The National Party (NP) was able to capitalise on the fear of racial integration in the schools to build its support. The NP's narrow election victory in 1948 gave Afrikaans new standing in the schools and, after that, all high-school graduates were required to be proficient in Afrikaans and English. The NP government also reintroduced Christian National Education as the guiding philosophy of education.

=== 1948 to 1974 ===
Before 1953, many black people attended schools set up by religious organizations. These schools provided schooling of the same quality that white children received in state schools. This changed after the Eiselen Commission recommended establishing a separate education system for blacks under the Ministry of Native Affairs. Minister of Native Affairs and future Prime Minister Hendrik Verwoerd designed Bantu education to teach African culture and educate Africans "in accordance with their opportunities in life." Following the Bantu Education Act (No. 47) of 1953 the government tightened its control over religious high schools by eliminating almost all financial aid, forcing many churches to sell their schools to the government or close them entirely.

The South African government implemented an education system called Christian National Education (CNE). The basis of this system is that a person's social responsibilities and political opportunities are defined by that person's ethnic identity.

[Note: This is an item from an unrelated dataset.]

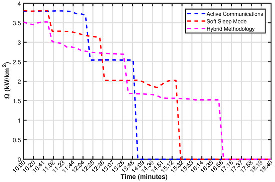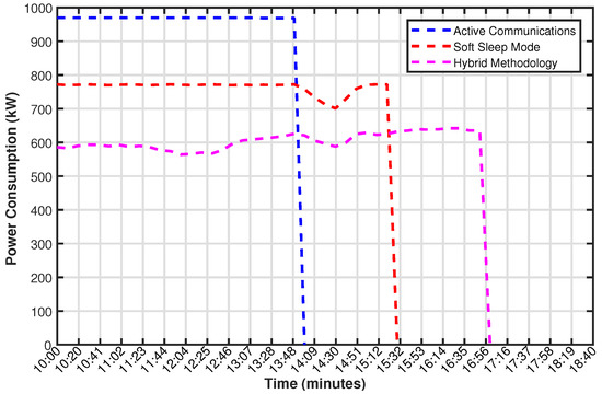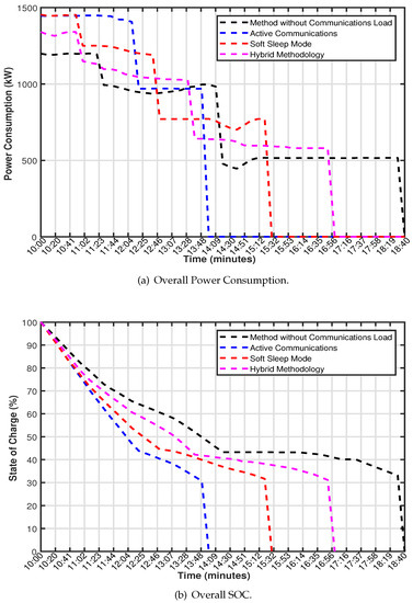 Figure 2a shows the power consumption over time obtained using both the previous methodologies and the hybrid method proposed in this study. The comparison of the results helps to understand the effect of considering the communications’ energy consumption in an islanded operation scenario. In [
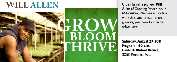 Urban farming pioneer Will Allen of Growing Power Inc. hosts a workshop and presentation on growing your own food in the urban core.

Although CNE advanced principles of racial inferiority, it promoted teaching of cultural diversity and enforced mother-tongue instruction in the first years of primary school. The government gave strong management control to the school boards, who were elected by the parents in each district.

In 1959, the Extension of University Education Act prohibited established universities from accepting most black students, although the government did create universities for black, coloured, and Indian students.

The number of schools for blacks increased during the 1960s, but their curriculum was designed to prepare children for menial jobs. Per capita government spending on black education slipped to one-tenth of spending on whites in the 1970s. Black schools had inferior facilities, teachers, and textbooks.

===1974 to 1983===
In 1974, the Minister of Bantu Education and Development issued a decree commonly known as the "Afrikaans medium decree" in which the use of both English and Afrikaans was made compulsory in black secondary schools. In this decree, physical science and practical subjects would be taught in English, mathematics and social science subjects would be taught in Afrikaans, and music and cultural subjects would be taught in the learner's native language. The Minister said that the reason for this decree was to ensure that black people can communicate effectively with English and Afrikaans speaking white people.

This decree was unpopular with learners and teachers alike, particularly in towns like the Johannesburg township of Soweto, where practically no one spoke Afrikaans. Tensions over language in education erupted into violence on 16 June 1976, when students took to the streets in Soweto and eventually in other towns and cities in the country. This is known as the Soweto Uprising, when students and those able to take a stand demanded to be taught in their mother tongue. Many were killed and injured that day due to police intervention. They are remembered as martyrs. Schools were vandalized and teachers left unable to teach and students were unable to come to school.

=== 1984 to 1990 ===
The National Policy for General Affairs Act (No. 76) of 1984 provided some improvements in black education but maintained the overall separation called for by the Bantu education system.

The Department of Education and Training was responsible for black education outside the bantustans. Each of the three houses of the Tricameral Parliament—for whites, coloureds, and Indians—had an education department for one racial group. Each of the ten homelands had its own education department. In addition, several other government departments managed specific aspects of education.

Education was compulsory for all racial groups, but at different ages, and the law was enforced differently. Whites were required to attend school between the ages of seven and sixteen. Black children were required to attend school from age seven until the equivalent of seventh grade or the age of sixteen. This law was enforced only weakly and not at all in areas where schools were unavailable. For Asians and coloured children, education was compulsory between the ages of seven and fifteen.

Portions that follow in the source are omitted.